2. Le retard n'est que partiellement rattrapé
Le
Groupe de Travail a entendu en France et à l'étranger plusieurs
dizaines de chefs d'entreprises, d'investisseurs et d'experts français
spécialisés dans les secteurs innovants. Tous ont souligné
que si la situation s'était nettement améliorée, elle
était encore loin de se comparer à ce que l'on peut observer aux
Etats-Unis, en Grande-Bretagne, ou dans certains pays scandinaves.

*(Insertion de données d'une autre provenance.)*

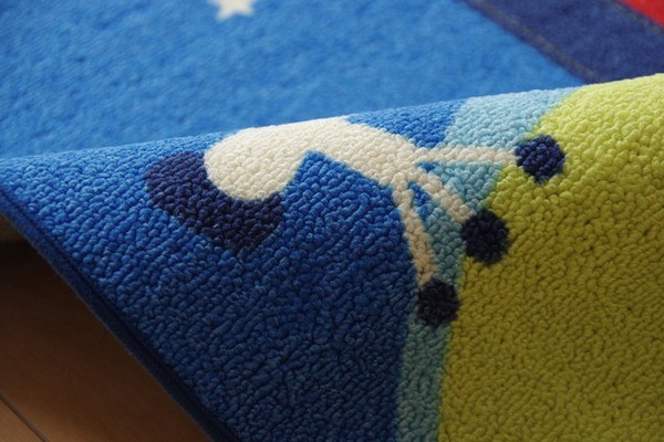 学習机用のデスクカーペットです。電車、自動車、バス、ヘリコプター、気球の柄が特徴です。表地はループタイプになっており、毛足が短く掃除がしやすい仕様になっています。裏地には不織布を使用していますので、フローリングが傷つきにくいです。お子様の学習机の下や、ベッドサイドなどにお勧めの商品です。

Alors que la France est en phase de décollage des nouvelles
technologies, ses concurrents en sont à l'étape suivante, de
sorte que la France ne comble que peu à peu son retard. Elle paie la
lenteur avec laquelle les acteurs économiques et les pouvoirs publics
ont pris la mesure des enjeux de la nouvelle économie.
Dans le secteur des nouvelles technologies de l'information, la taille du
marché français demeure très limitée. Si le nombre
d'internautes et de clients du téléphone mobile a
été multiplié par cinq depuis 1997, le taux de
pénétration de ces nouvelles technologies reste très
nettement inférieur en France à ce qu'il est par exemple en
Grande-Bretagne. Le pourcentage d'Anglais utilisant Internet est de
26,6 %, le taux de diffusion des téléphones mobiles est de
35 % contre respectivement 9,5 % et 28 % en France. Cela
signifie concrètement que, pour les entreprises de commerce
électronique, le nombre de consommateurs potentiels est deux fois plus
important qu'en France.
Source : Tableau de bord de l'innovation
Ce qui vaut pour la taille du marché vaut aussi pour le volume des
financements. Le montant des fonds investis dans le capital-risque en France a
été multiplié par 2,5 depuis 1997, où il atteint
2,8 milliards de francs en France, contre 81,9 milliards de francs en
Grande-Bretagne, soit 25 fois plus
74(
*
)
.
En 1998 et 1999, 8.000 entreprises se sont créées en France
dans le secteur des nouvelles technologies de l'information, contre 32.000 en
Grande-Bretagne.
75(
*
)
Ces comparaisons montrent l'ampleur du chemin qui reste à parcourir. Le
rapport du député Michel Destot sur l'innovation en France,
publié il y a quelques semaines, souligne que si les progrès
faits sont importants, il faut tenir compte "
des exemples
étrangers qui mettent en lumière les retards
français
"
76(
*
)
et mettre en oeuvre "
de nouvelles stimulations
" pour
favoriser l'accès des entreprises innovantes à des personnels
formés et à des financements adéquats.
Ces observations rejoignent l'appréciation des entrepreneurs
rencontrés par le Groupe de Travail. Nombre d'entre eux ont
souligné la persistance de difficultés de financements au niveau
du lancement des projets, en raison du nombre encore limité
d'investisseurs privés et de l'insuffisance des fonds d'amorçage,
ainsi qu'au niveau de l'entrée en Bourse en raison de
l'étroitesse du nouveau marché français.
Le secteur des nouvelles technologies en France n'a pas
bénéficié autant qu'aux Etats-Unis ou en Grande-Bretagne
de l'émergence d'une génération de " business
angels " dont le rôle dans la naissance des entreprises innovantes
est essentiel. L'Agence pour la création d'entreprise observe, en effet,
qu'aux Etats-Unis "
la principale source de financement de la
création et du développement des entreprises de haute technologie
est, à hauteur de 80 %, le réseau des investisseurs
individuels composé par les créateurs eux-mêmes, soit une
nébuleuse de petits investisseurs plaçant à peine quelques
milliers de dollars et quelques gros investisseurs appelés
" business angels "
77(
*
)
. Il est généralement
admis que l'apport des investisseurs individuels est d'environ
20 milliards de dollars par an, soit dix à vingt fois plus que les
sociétés de capital-risque dont les investissements ne
dépassent pas 2 à 2,5 milliards de dollars par an.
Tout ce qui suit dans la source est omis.